Blade baits. . . Building confidence.


----------



## dyeguy1212 (Jun 5, 2010)

chatterbaits... because they're versatile and catch fish


----------



## wasilvers (Jun 7, 2010)

bobberboy said:


> The bass season has just begun here but so far 5/16 oz Scum frogs in natural black/green and watermelon have been getting fish in heavy lily pads.



x2 - green/watermelon is the color right now


----------



## bassassassin8 (Jun 8, 2010)

Depending on the lake, this is more or less what I'm throwing and I don't change setups while I fish usually. When I fish, I usually go through each area w/ each rod too in this order more or less:

I'll throw something topwater, likely a soft frog looking for a topwater reaction bite. 
If this doesn't produce, I'll flip a jig, beaver, or brush hog to isolated pads lookin' for somethin' to hit it on the drop. 
I'll then throw a boogiebait or crankbait, again lake-dependent, maybe both.. looking for reaction strike.
If all else fails, I'll resort to a 5'' shakeyhead or drop shot to clean up the area with.

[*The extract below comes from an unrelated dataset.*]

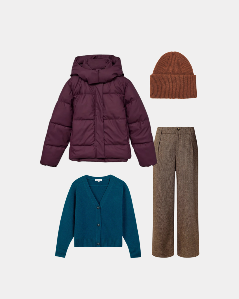 Her har jeg valgt en vinterjakke i mørk aubergine, som er en fremragende farve til rigtig mange udseendestyper. Farverne i dette outfit til vintersæsonen er en del mørkere end til de andre sæsoner, men der er stadig farvespil i looket – farverne “taler” sammen. Den rustbrune hue harmonerer godt med både jakke og bukser, og de dybe toner i hue, jakke og cardigan skaber et dybt og roligt look.

Again, this is most cases but depending on the lake, I'll maybe have 2 crankbaits, a lipless and diving where I don't throw top water. 
A lot of what I''' throw is influenced off of tthe time of year, moon phases, but my biggest influence is my confidence in the lure. Thats why I rarely change lures while I fish. I stick with maybe 5..10 baits throughout the day.


----------